Social networks were randomly assorted based upon genetic ancestry,
suggesting weak behavioral reproductive isolation within this hybrid
population. Finally, we show that the strength of associations within the
social network, but not levels of genetic relatedness, predict patterns of
parentage. 5. Social networks play an important role in population
processes such as the transmission of disease and information, yet there
has been less focus on how networks influence the exchange of genetic
variation. By integrating analyses of social structure, phenotypic
assortment, and reproductive outcomes within a hybrid zone, we demonstrate
the utility of social networks for analyzing links between social context
and gene flow within wild populations. 08-Jul-2020
We extracted DNA from blood samples and museum tissues using Qiagen DNEasy
Blood and Tissue kits (Qiagen, Hilden, Germany). Double-digest restriction
associated sequencing (ddRAD-seq) library preparations and sequencing were
performed by RTL Genomics (Lubbock, TX).
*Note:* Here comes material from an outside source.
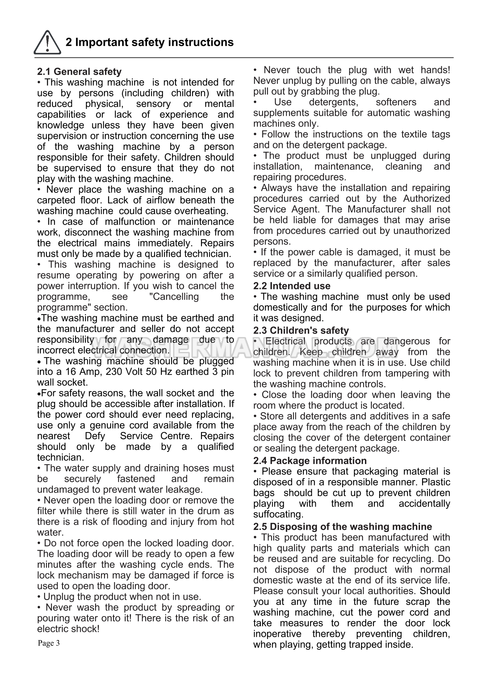 User's manual for Defy DAW370 eco freestanding silver 6kg 1000 rpm spin speed with Quick Wash, Cotton Eco and Eco Wash programmes (DAW 370) laundry machine with front load on 24 pages.

Briefly, 500ng of each sample
were digested using restriction enzymes Sbfl and Msp1, and placed in a
thermal cycler set to 37°C for three hours and held at 4°C overnight.
Samples underwent a 1.5x AMPure cleanup, were quantified using a Quibt 2.0
Fluorometer and DNA HS Assay Kit (Thermo Fisher Scientific, Waltham, MA),
and normalized. Samples were ligated with adapters overnight at 4°C,
followed by an additional 1.5x AMPure cleanup, and transferred to a PCR
plate containing unique Illumina tag barcodes. Individual libraries were
pooled, fragment analyzed, and fragment size selected (400-700bp) using
BluePippin (Sage Science, Beverly, MA). Samples were sequenced on an
Illumina HiSeq 2000 platform with paired-end, 125bp reads. Several samples
sequenced at low coverage, and were re-sequenced with paired-end 125bp
reads on a single NextSeq run. Reads were combined across runs and
demultiplexed using BaseSpace software (Illumina, San Diego, CA).
This repository contains raw, short read ddRAD sequence data from
California (Callipepla californica) and Gambel's quail (Callipepla
gambelii) from both museum specimens and wild-caught individuals from a
hybrid zone between the two species in the deserts and mountains of
Southern California. The accompanying spreadsheet contains information on
the museum source or population from which each sample originated.